Casa Morandi combines functional spaces, such as the library equipped with more than 600 volumes that can be consulted by appointment and exhibition rooms equipped with showcases that tell the story of the master’s life through photographs, books, documents and works from his collection of ancient art, heritage of the Municipality of Bologna following a donation, and private spaces, such as the atelier, antechamber and storeroom where vases, bottles, shells and study models, as well as painting tools, have found their place. These last rooms, restored as they were in the days when the artist lived there, are protected by transparent barriers that force the visitor to remain on the threshold, from which to penetrate with the gaze and imagination into the silence of Morandi’s visual meditation. There are almost no autograph works, with the exception of a small early floral painting, an etching depicting the garden of the house and the engraving Trees between two houses in Grizzana in posthumous print run, displayed next to the original plate. A visit to this place is a must for those who really want to penetrate the creative universe of Morandi, who throughout his life jealously preserved the secluded dimension of his pictorial world, protecting from outside intrusion the place where his art-making materialized through a continuous confrontation with objects. The corpus of his work, consisting of 2,850 paintings (including 1,930 still lifes, 587 landscapes, 280 paintings of flowers, 46 portraits and 7 self-portraits) is the result of an uninterrupted process of observation and meditation stretched over long periods of time, the same that the contemplation of his painting requires of the observer in order to grasp its reason, accessing and stationing with his mind along with him in the level of representation of the visible that he constantly sought.

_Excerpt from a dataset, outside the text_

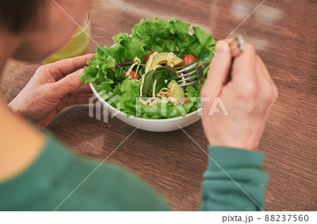 サラダを食べるシニア女性 ヴィーガン ベジタリアン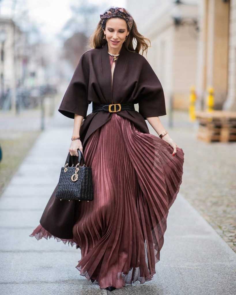 Юбка-макси является самой длинной из юбок и заканчивается на уровне щиколотки. Он может быть выполнен из самых разных тканей, от самых свободных до самых облегающих. Как правило, считается повседневной, но, в зависимости от модели, может вполне подойти для нарядного вечера. Хотя она очень универсальна, она больше подходит для высоких женщин.

For Morandi, Art belongs to the sphere of the unspeakable, and in his being withdrawn in his studio he endlessly composed his theaters of metaphysical objects in which everything crystallized into an icy truth of order and measure through infinitesimal adjustments between space, object and color operated on the physicality of his object-subjects even before they became painting. “There is nothing more abstract than the visible,” he used to repeat, because reality is modified at the very moment it is subjected to observation. The silent enchantment of his paintings, in which tonal vibrations make forms quiver and sway, rendering them evanescent, is thus the outcome of a meticulous process of construction and composition in a studio used as if it were an optical camera naturally predisposed to descend into the act of looking through the right framing of objects in an appropriate light to find a truth made not of verisimilitude but of harmony and measures. And precisely in his studio, with the tables placed at different heights in relation to the window and easel, he had found the ideal proportions, corresponding to those he wanted to give to his painting, firmly focused on preserving the intention of what he had sought in the visible. If the setting up of a house museum raises, as we have mentioned, not a few questions, many more arise when a guest artist is summoned to that place, invited to deepen and actualize with his own intervention the figure and work of the absent host.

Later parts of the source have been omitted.